Segment Start: Task inputs
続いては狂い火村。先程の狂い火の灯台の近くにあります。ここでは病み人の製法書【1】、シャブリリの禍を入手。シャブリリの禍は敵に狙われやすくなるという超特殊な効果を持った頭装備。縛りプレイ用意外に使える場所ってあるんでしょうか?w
Segment End: Task inputs
Segment Start: Task inputs
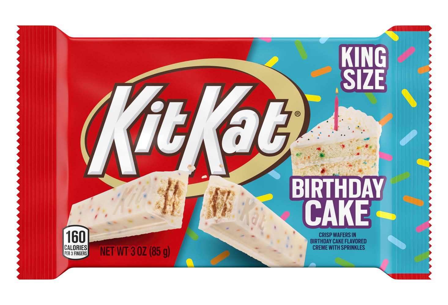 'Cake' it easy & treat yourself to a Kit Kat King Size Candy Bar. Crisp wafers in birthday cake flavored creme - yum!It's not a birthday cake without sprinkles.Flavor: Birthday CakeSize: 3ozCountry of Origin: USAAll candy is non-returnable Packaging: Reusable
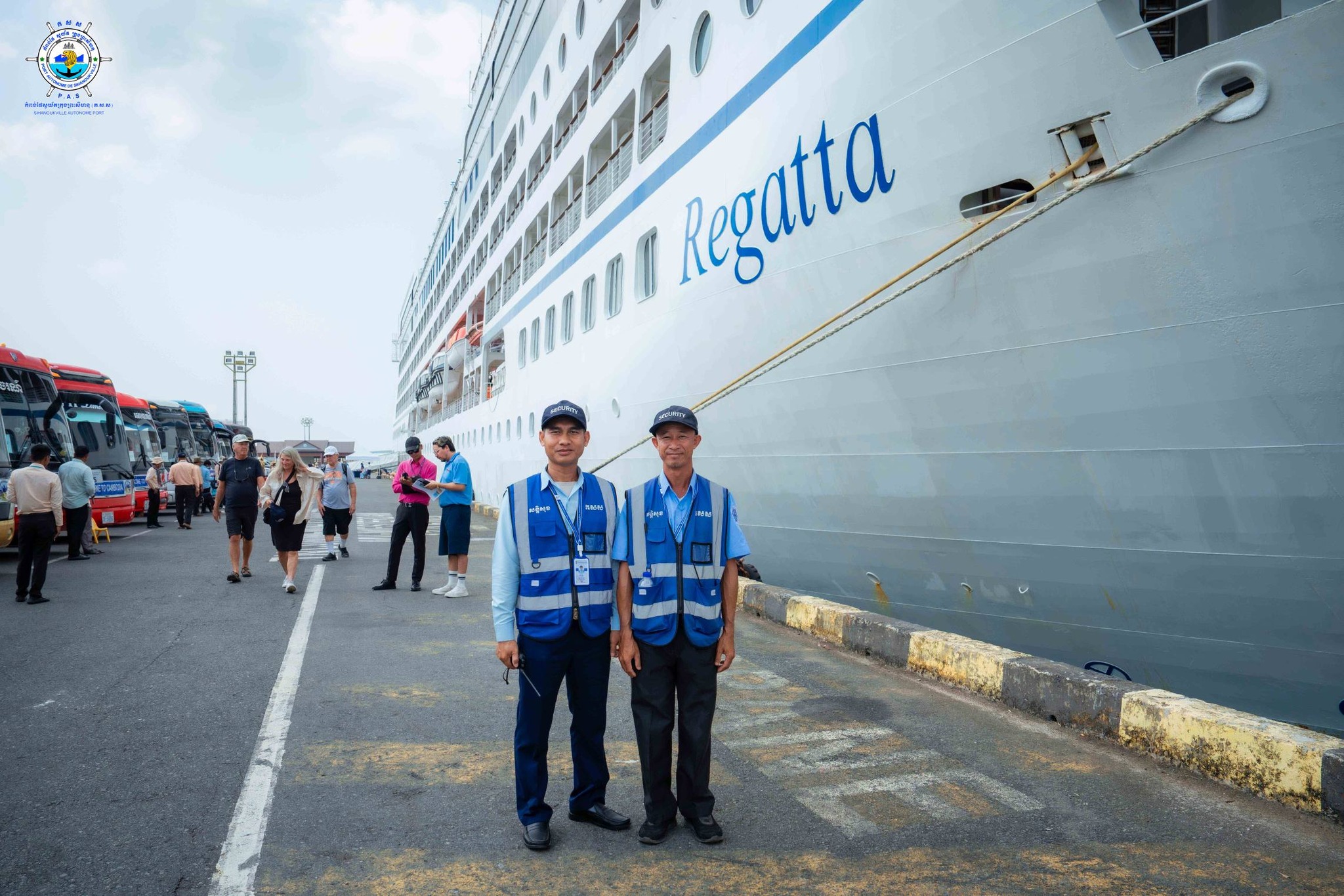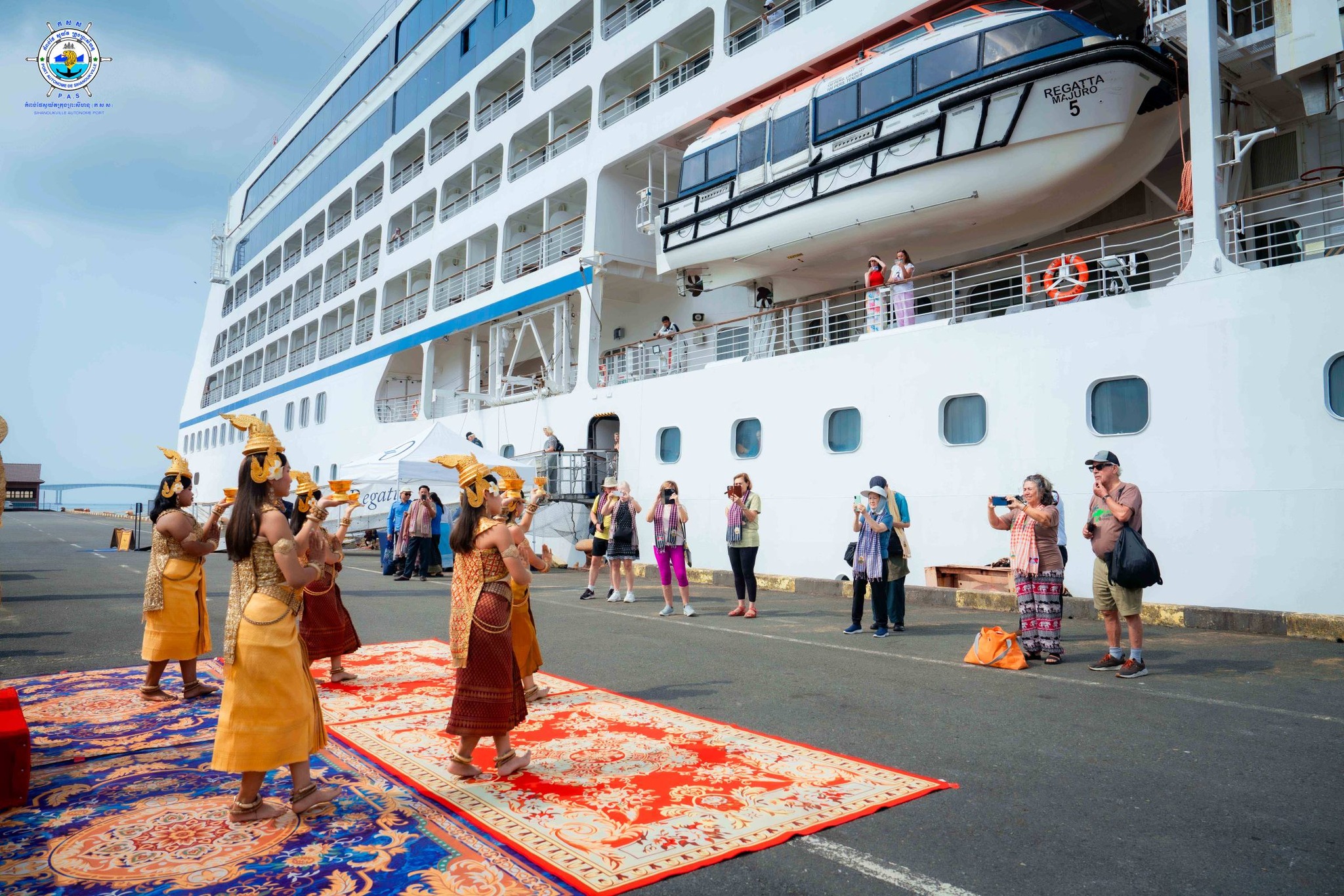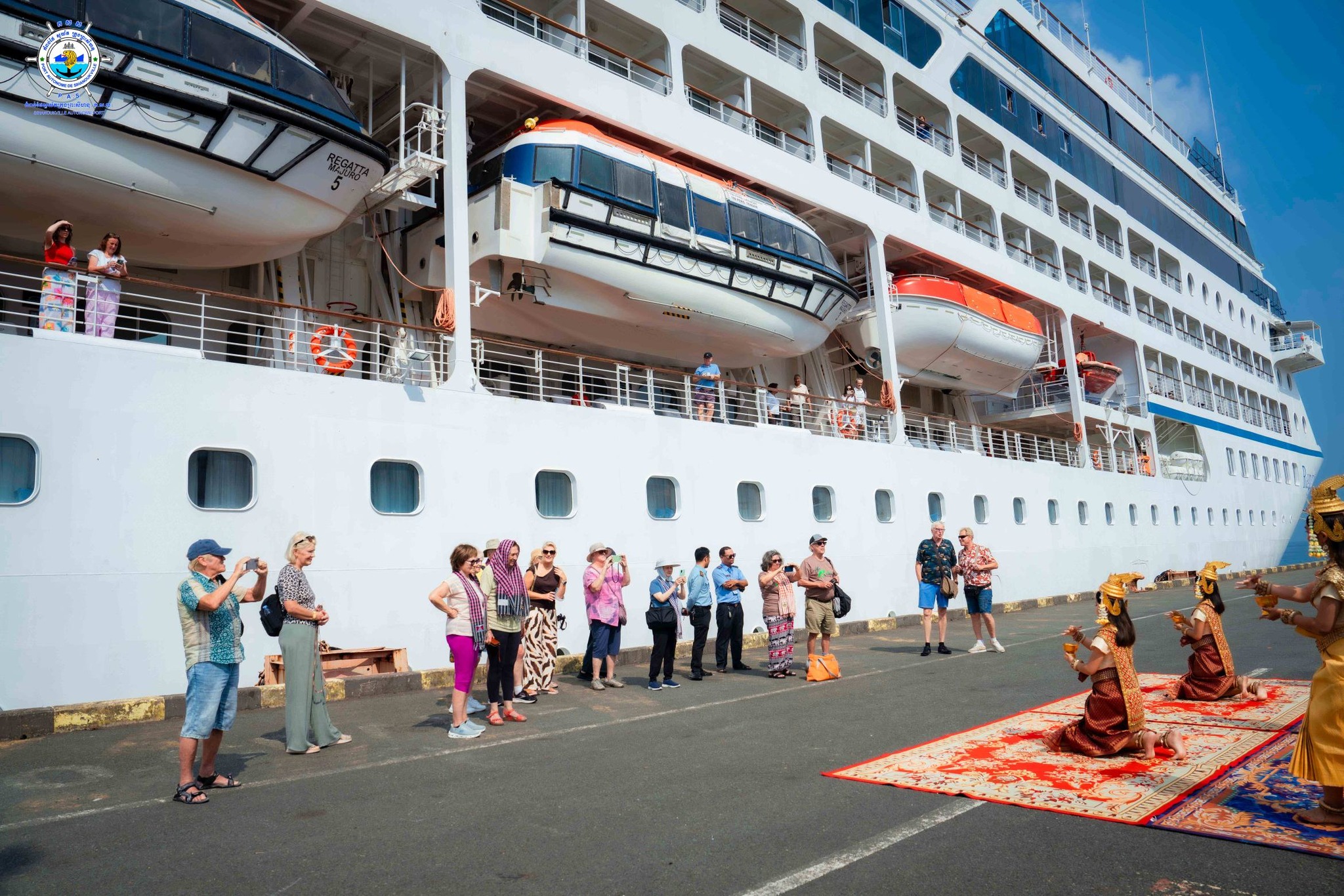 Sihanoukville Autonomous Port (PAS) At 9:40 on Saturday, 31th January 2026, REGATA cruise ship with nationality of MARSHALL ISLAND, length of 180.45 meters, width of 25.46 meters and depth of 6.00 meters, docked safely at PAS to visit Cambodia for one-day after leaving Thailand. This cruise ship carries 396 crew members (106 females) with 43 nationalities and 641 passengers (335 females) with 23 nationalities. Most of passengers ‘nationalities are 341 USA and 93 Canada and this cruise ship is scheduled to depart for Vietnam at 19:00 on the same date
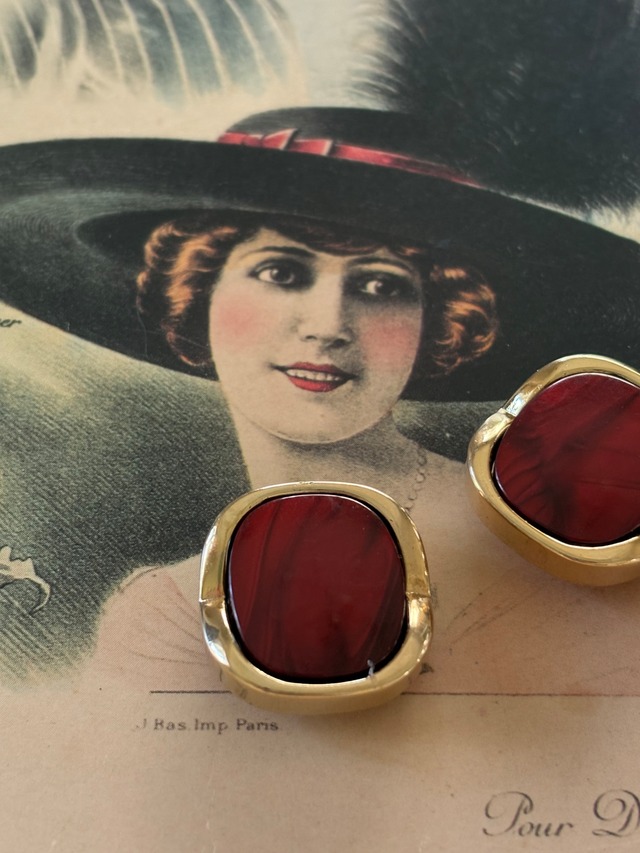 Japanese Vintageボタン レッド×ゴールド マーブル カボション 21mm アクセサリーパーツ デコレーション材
Segment End: Task inputs
**Assigned task**
Everything above from the line that has "non-returnable Packaging: Reusable" down to the line that has "Japanese Vintageボタン レッド×ゴールド" should be output exactly, with both of those lines included. Leave the pictures behind.

**Your response**
 'Cake' it easy & treat yourself to a Kit Kat King Size Candy Bar. Crisp wafers in birthday cake flavored creme - yum!It's not a birthday cake without sprinkles.Flavor: Birthday CakeSize: 3ozCountry of Origin: USAAll candy is non-returnable Packaging: Reusable
 Sihanoukville Autonomous Port (PAS) At 9:40 on Saturday, 31th January 2026, REGATA cruise ship with nationality of MARSHALL ISLAND, length of 180.45 meters, width of 25.46 meters and depth of 6.00 meters, docked safely at PAS to visit Cambodia for one-day after leaving Thailand. This cruise ship carries 396 crew members (106 females) with 43 nationalities and 641 passengers (335 females) with 23 nationalities. Most of passengers ‘nationalities are 341 USA and 93 Canada and this cruise ship is scheduled to depart for Vietnam at 19:00 on the same date
 Japanese Vintageボタン レッド×ゴールド マーブル カボション 21mm アクセサリーパーツ デコレーション材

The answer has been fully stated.